Money on Chain relies on gold market prices for its DEX.
DeFi Money on Chain, a stable coin issuer and lending platform based on Bitcoin’s RSK side chain (BTC), announced on Wednesday the launch of TEX, an automated token swap platform based on an order book, with a unique touch.
Instead of being available instantly, orders are processed in batches at a slightly variable interval of a few minutes. Each execution, called a tick, coincides with the orders sent to the blockchain.
Each trade that occurs at a given tick is made at the same average price among all the orders submitted by the traders. The limit orders sent by users indicate the maximum or minimum acceptable price. For example, a limit order to sell Bitcoin Method for USD 18,000 will not be activated if the average price is USD 17,900.
Max Carjuzaa, CEO of Money on Chain, explained to Cointelegraph that the system also uses an Oracle system for more accurate control. With so-called market maker orders, traders express a price with a certain percentage offset from the reference rate obtained by the oracle.

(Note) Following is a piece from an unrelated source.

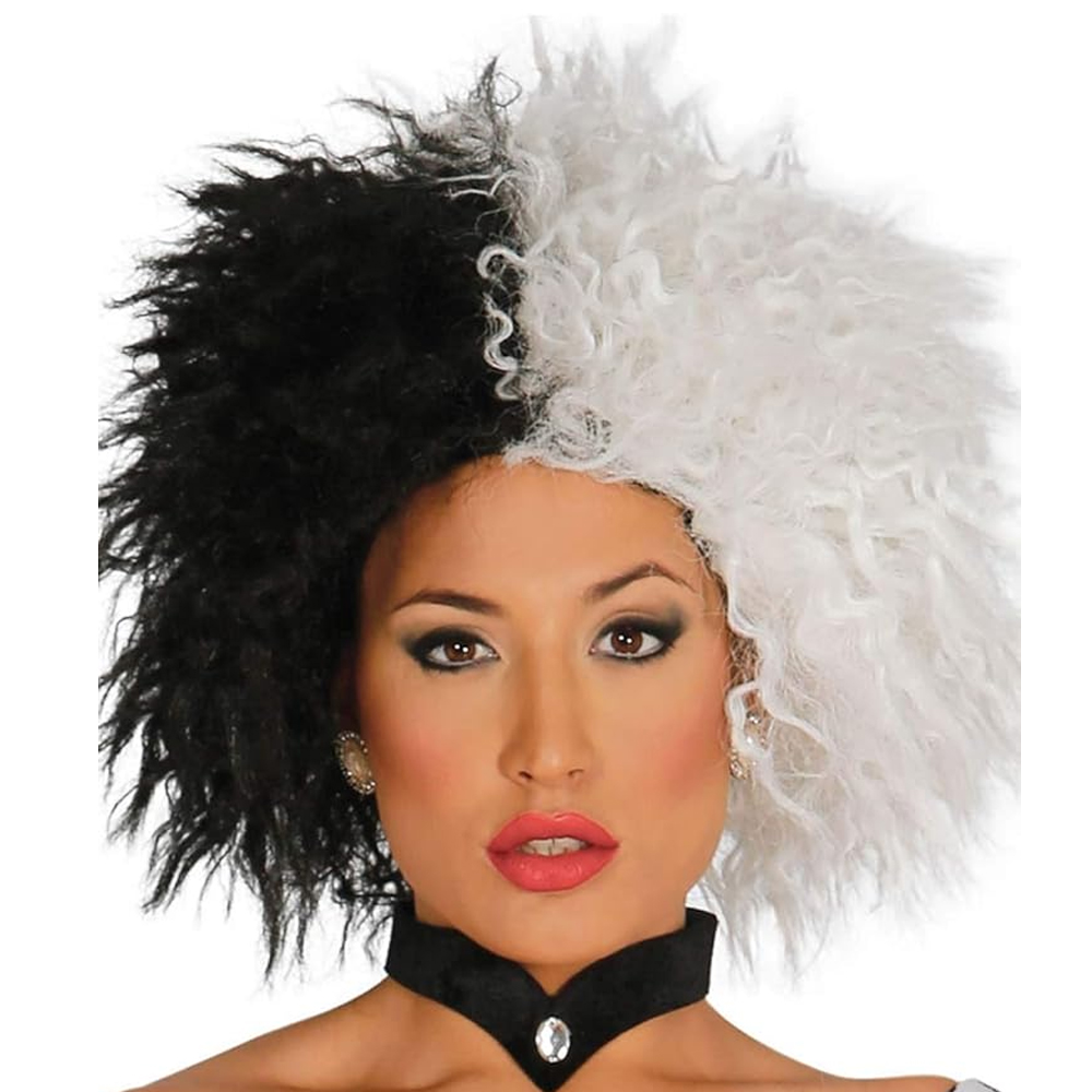 Parrucca bianca e nera per donna, perfetta per Halloween e anni ’50. Ideale per feste a tema, un look elegante e originale per tutte le tue celebrazioni.

This ensures that the orders will track the price changes that occur between ticks.
The design of the system was inspired by the London Spot Fix, a gold pricing mechanism in which a committee deliberates on the price of gold twice a day.
Automated market makers such as Uniswap are often seen as a necessity in light of the slow performance of blockchain-based systems. When asked if these concerns drove the design of TEX, Carjuzaa responded:
„No, the main reason it was adopted is the discovery of fair pricing. The method used in TEX is a way to avoid initial implementation and to ensure the discovery of fair prices, even at low volume“.
Price discovery and early execution are often considered to be major problems in MMA exchanges, but Carjuzaa also believes that its system „needs much less liquidity to operate“. For the same liquidity, he says MMAs will have more slippage compared to TEX. This benefit is „especially important in a new network and allows for organic growth in liquidity“.